Jameson studied the report as he ran his tongue over
his teeth. O’Hearn yawned and stretched.
“So now, after two weeks, they think something might be up?”
“J. Rex, I already told you what I know.”
“But you’re the one who took the call.”
“It was a short conversation. Nobody’s seen her, not even the doorman at her building. People were starting to get concerned. She lived in that building where we had those arson incidents Labor Day weekend. Her unit was torched pretty bad.”
Jameson’s tongue and teeth felt like they had been dipped in lard.
“Uh…doesn’t that seem like it might be related?”
“Not necessarily. Other units got hit. There was another one torched worse than hers. This girl was already away when the vandals hit her building.”

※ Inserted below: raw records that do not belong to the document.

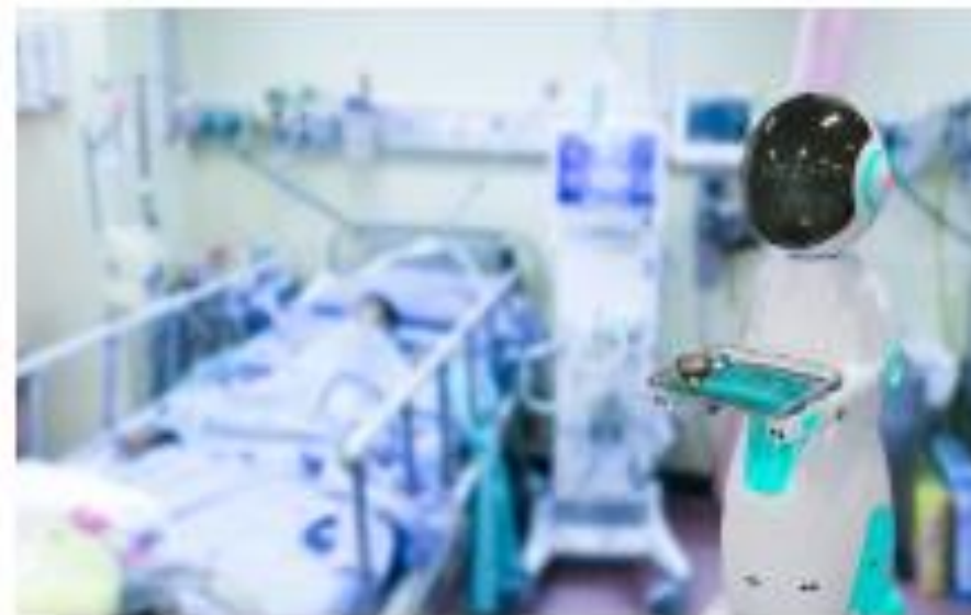
▲ Hình 4.3. Robot trong bệnh viện
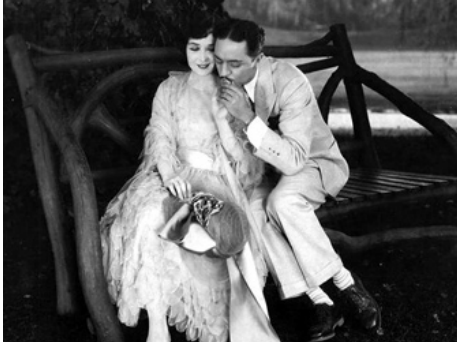
1925 À TRAVERS LES RÉCIFS (Sea Horses) d'Allan Dwan avec William Powell
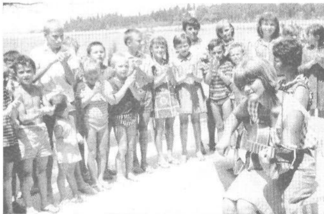
Veselo razpoloženje otrok na letovanju v Fažani

Zvečer smo odšli v Tivoli, največje in najlepše zabavišče v Evropi. Pravijo, da so ta park urejali nekaj stoletij, kar je zelo verjetno, saj je v kratkem času nemogoče ustvariti toliko različnih stilov in oblik. Po pravljicnem jezeru, prekritem z lokvanji, se vozijo obiskovalci v številnih čolnih in z vesli kodrajo gladko površino. Čudoviti vodometi, koncertne in plesne dvorane, igralnice in restavracije so za nas nekaj nenavadnega. Največja
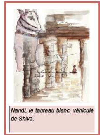
Nandi, le taureau blanc, véhicule de Shiva.
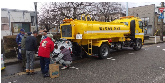
給水活動（能登町 崎山山村開発センター）

派遣期間：1月4日～ 派遣先：石川県志賀町、能登町 派遣人数：のべ12人・日 活動内容：志賀町、能登町の給水支援
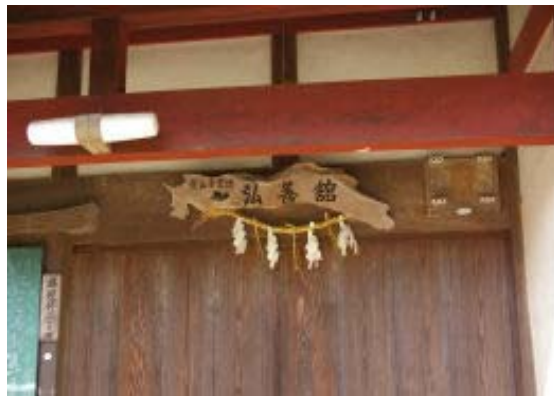
弘善館（閉鎖中—駐車可）
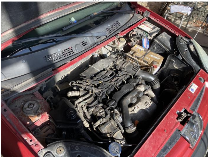
Attēls Nr. 11
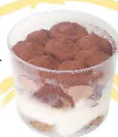
TIRAMISÚ NUTELLA & MASCARPONE
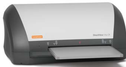
DIRECTVIEW Vita CR
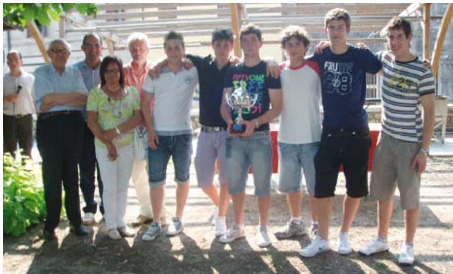
La magnifica compagnia che ha partecipato alla Gara: "Giovannissimi Under 18"
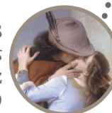
Room 38 The kiss Francesco Hayez 1859
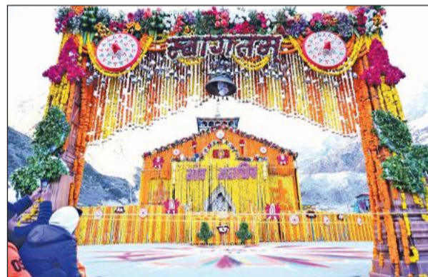
आकर्षक तरीके से सजाया गया श्री केदारनाथ धाम।

है। केदारनाथ धाम, जहां भक्ति, तप और श्रद्धा का संगम होता है, वहीं से प्रधानमंत्री का यह भावपूर्ण संदेश करोड़ों श्रद्धालुओं के हृदय को स्पर्श कर रहा है। मुख्यमंत्री ने कहा कि आध्यात्मिक दृष्टि से देखा जाए तो प्रधानमंत्री का यह संवाद करोड़ों देशवासियों के मार्गदर्शन के साथ ही चारधाम यात्रा को आत्मिक जागरण यात्रा के रूप में भी स्थापित करता है। बाबा केदार के धाम में गूंजता 'हर हर महादेव' का उद्घोष, प्रधानमंत्री की इस श्रद्धाभिव्यक्ति के साथ और अधिक भावपूर्ण हो उठा है, और देशभर के श्रद्धालुओं में भक्ति का उत्साह नई ऊंचाइयों पर पहुंच रहा है।
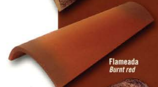
Flameada Burnt red
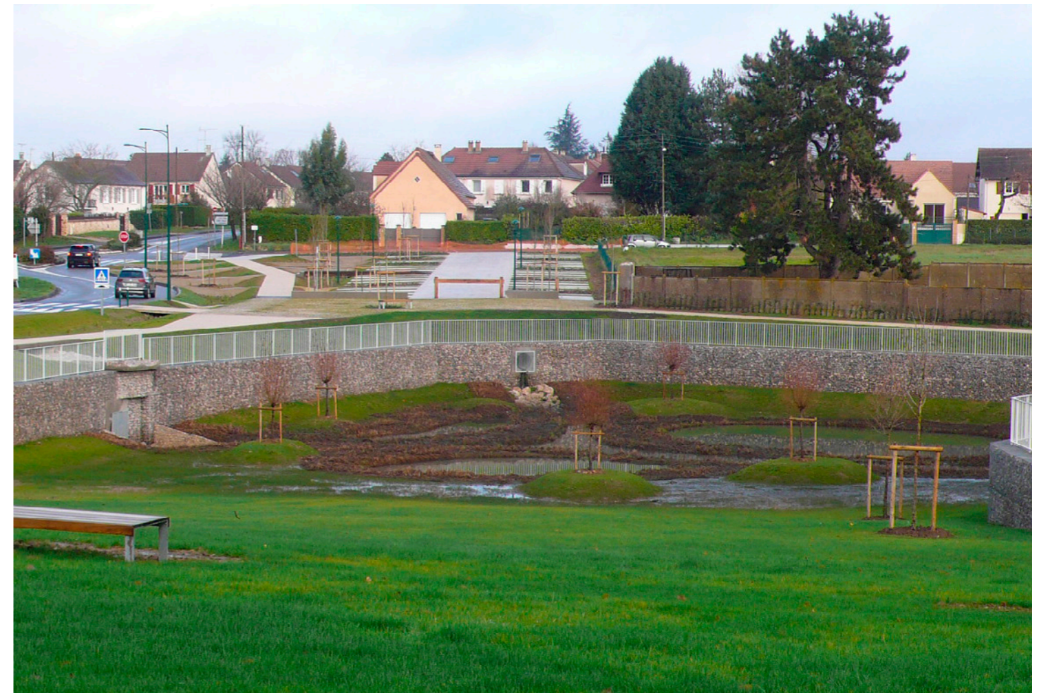
Vue depuis le bassin vers la Place du Lavoir et le parking

The detective walked over to the watercooler, guzzled a drink, crumpled the paper cup, and threw it toward the trash. He missed.
“A missing girl and a torched apartment.”
“You got it.”
Jameson picked up the paper cup and this time hit the mark.
“Interesting.”
The detective sat back at his desk.
“So it doesn’t sound fishy to you? The fire and the girl being gone?”
Captain O’Hearn shrugged and rubbed his bald pate. His stomach growled.
“Sounds like a coincidence and nothing more. Now stop grilling me. The only reason I took that report is because it got routed to me by Mabel, that fucking cunt up front.”
“Hey, hey, hey,” Jameson said, eyeing the rookie. “Put a lid on that. You’re a superior, you’re supposed to be setting the tone around here. What’s the matter with you?”
“Yeah, yeah, yeah,” O’Hearn said in a lower voice. “But that Mabel got me so fucking heated. Fucking rabble-rousing bitch.” The edge had returned to his voice. “That call shouldn’t have come to me. Mabel knew exactly what she was doing. She’s done it at least three times a day since I called things off. You wouldn’t believe the shit she’s routing my way. She knows I can’t do anything about it. I’d have to admit I was nailing her, and God knows what kind of Pandora’s box that would be. IA’d be all over it.”